The Influence of Left Atrial Wall Thickness and Curvature on Wall Strain in Patient-Specific Atrium Models

Tiffany Baptiste1, Angela Lee1, Daniel Ennis2, Ulrike Haberland3, Ronak Rajani4, Aldo Rinaldi1, Steven Niederer1
1King's College London, 2Stanford University, 3Siemens Healthcare Limited, 4Guy's and St Thomas' NHS Foundation Trust


Abstract

Atrial fibrosis is a driver for the onset and maintenance of atrial fibrillation, a common arrhythmia which increases the risk of stroke and heart failure. In the left atrium (LA), time-varying strain is measured as an important biomechanical signal for fibrosis. It is expected that LA strain is influenced by LA anatomy, which is highly varied in terms of wall thickness and curvature. However, the extent to which atrial strain is determined by wall thickness and curvature remains unknown. This study aimed to investigate the relative contribution of wall thickness and curvature to local atrial strain using 10 patient-specific finite element LA models.

LA models were deformed from a reference configuration at end-diastole to simulate motion using feature tracking in retrospective gated cardiac computed tomography, which captured images of LA motion over the cardiac cycle.

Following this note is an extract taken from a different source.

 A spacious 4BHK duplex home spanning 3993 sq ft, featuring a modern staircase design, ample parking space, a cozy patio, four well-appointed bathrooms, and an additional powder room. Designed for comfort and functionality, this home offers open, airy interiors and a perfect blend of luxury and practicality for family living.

Local atrial area strain was quantified as the percentage change in area of each element of the endocardial surface relative to the reference geometry. Atrial wall thickness and curvature were calculated from the models at their reference configuration.

The average wall thickness and curvature across 10 models was 1.8±0.42 mm and 0.18±0.078 mm-1 respectively. Pearson’s correlation coefficients of strain with LA wall thickness and curvature were calculated at peak average atrial strain in the cardiac cycle for each heart. The average correlation of strain with the inverse of wall thickness and curvature was -0.16±0.073 and -0.020±0.10 respectively. The correlations between wall thickness, curvature and the first four principal components of strain were also considered but showed no greater dependence of strain on wall thickness or curvature.

Wall thickness plays a greater role in determining atrial strain than curvature. However, neither appear to strongly influence strain. LA strain can unlikely be estimated from LA anatomy alone; other myocardial material properties, potentially stiffness, are likely more important.